Reforming Credit Rating Agencies
House Financial Services Committee
Subcommittee on Capital Markets, Insurance, and Government Sponsored Enterprises
September 30, 2009
Daniel Gallagher, Co-Acting Director, Division of Trading and Markets, U.S. Securities
and Exchange Commission (SEC)
Raymond McDaniel, Chairman and Chief Executive Officer, Moody's Corporation
Deven Sharma, President, Standard & Poor's
Stephen Joynt, President and Chief Operating Officer, Fitch Inc.
Robert Dobilas, President and Chief Executive Officer, RealPoint LLC
James Gellert, President and Chief Executive Officer, Rapid Ratings International Inc.
Kurt Schacht, Managing Director, CFA Centre for Financial Market Integrity
During a House Financial Services Subcommittee on Capital Markets, Insurance, and
Government Sponsored Enterprises hearing on credit rating agency (CRA) reform,
Chairman Paul Kanjorski (D-PA) said CRAs failed to fully learn about the quality of the
products they were rating, specifically mortgage-backed securities, which betrayed the
trust of investors who came to rely on them. Chairman Kanjorski said his discussion draft
legislation, the Enhanced Accountability and Transparency in Credit Rating Agencies
Act, would balance improving the oversight of CRAs while creating incentives for them
to do a better job. He said his legislation would “promote accountability” through the
threat of liability.
The chairman noted the provision that would require nationally recognized statistical
rating organizations (NRSROs) to verify other NRSROs’ rating information and be liable
for the actions of their competitors even if they did not rate a bond that defaults is not the
only way to make them more accountable for their ratings and that he is “open to other
Chairman Kanjorski added that while he proposes to eliminate all federal requirements of
NRSRO ratings, he has “serious concerns” of the unintended consequences of doing so.

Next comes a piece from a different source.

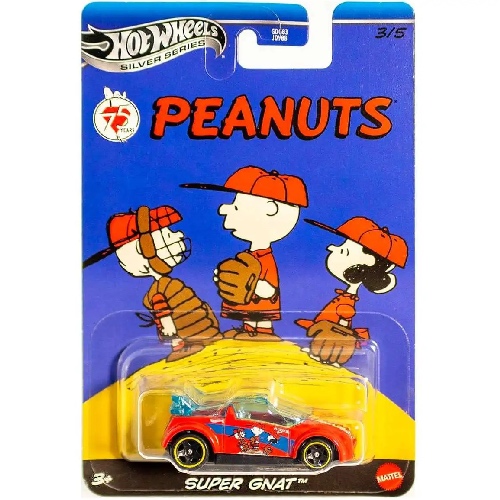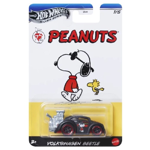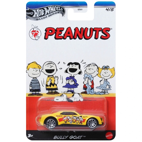 De Hot Wheels® Peanuts thema-auto’s leveren een verscheidenheid aan replica’s voorzien van een leuke Peanuts art. Zet de auto’s tentoon. Elk voertuig op schaal 1:64 heeft een elite deco-uitvoering om zowel fans als Hot Wheels®-verzamelaars aan te spreken – ze zullen ze allemaal willen verzamelen. EAN 0194735267576

Ranking Member Scott Garrett (R-NJ) said he had concerns with the chairman’s
proposal, specifically the provision that would hold NRSROs financially liable.

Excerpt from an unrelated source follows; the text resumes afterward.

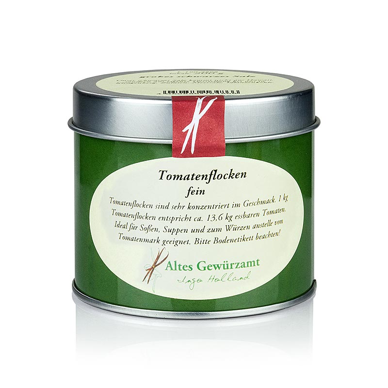 Tomatenflocken, fein. Enthält ein Trockenton-Kissen. Das Kissen nicht öffnen, nicht essen! Eigenschaften: Es müssen keine Nährwerte angegeben werden.

“I do not believe the solution to all society’s ills is through more lawsuits,” Ranking
Member Garrett said. He said he was concerned about the practicality of the collective
liability among NRSROs and that he did not see “what positive can come of holding all
NRSROs accountable for the bad actions of one.” Ranking Member Garrett said by
introducing a shared financial accountability among NRSROs will discourage new entry
into the business.
Rep. Brad Sherman (D-CA) said that CRAs devised an “issuer-pleasing model” as the
key to obtaining more business.
“We either have to remove the incentive to please the issuer … or counterbalance that
with liability,” Rep. Sherman said. “Ratings are necessary ... that’s why people rely on
them,” he said. “We have to make them reliable ... and one way to do that is to
counterbalance the risk that they will give too liberal a rating with liability.”

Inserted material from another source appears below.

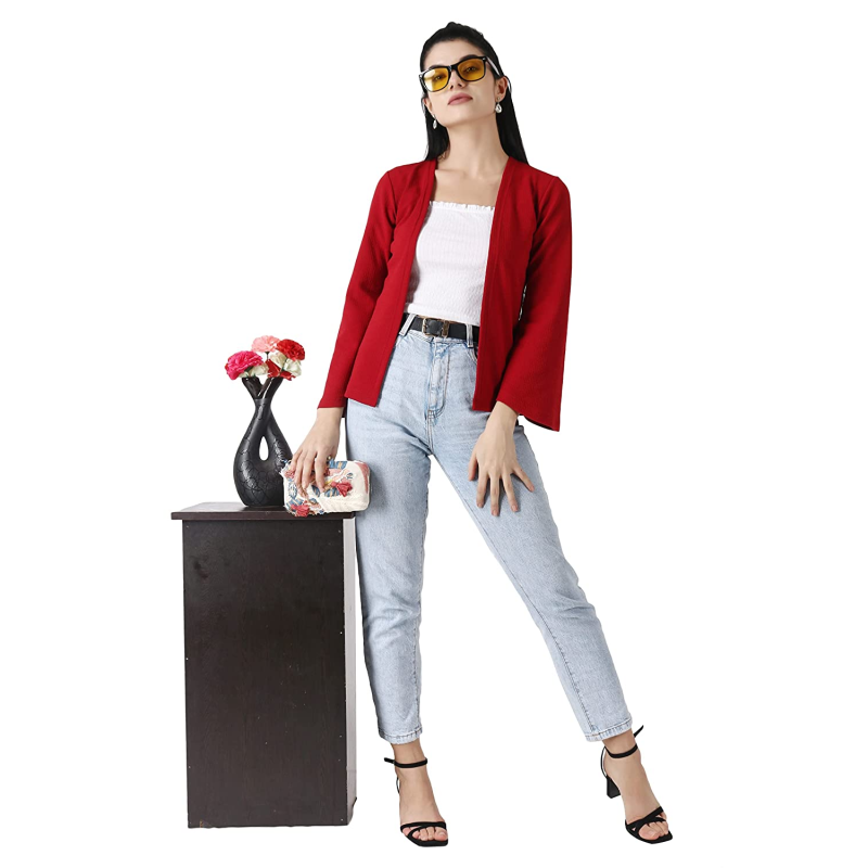 POPWINGS Women Red Regular Fit Blazer

Rep. Andre Carson (D-IN) said that Congress cannot ignore the NRSROs relation to
systemic risk. Rep. Carson said Congress needs to consider including the possibility of
using a global approach, both macro and micro, that includes all market participants,
when writing reforms.
Rep. Bill Foster (D-IL) said he supports introducing an oversight board, similar to the
Public Company Accounting Oversight Board (PCAOB), to oversee credit rating
agencies. Rep. Foster said he also would like to see a standardization of ratings
terminology. He said that industry-wide standards are needed so that a given rating to
municipal securities and will have the default probabilities as a corporate security.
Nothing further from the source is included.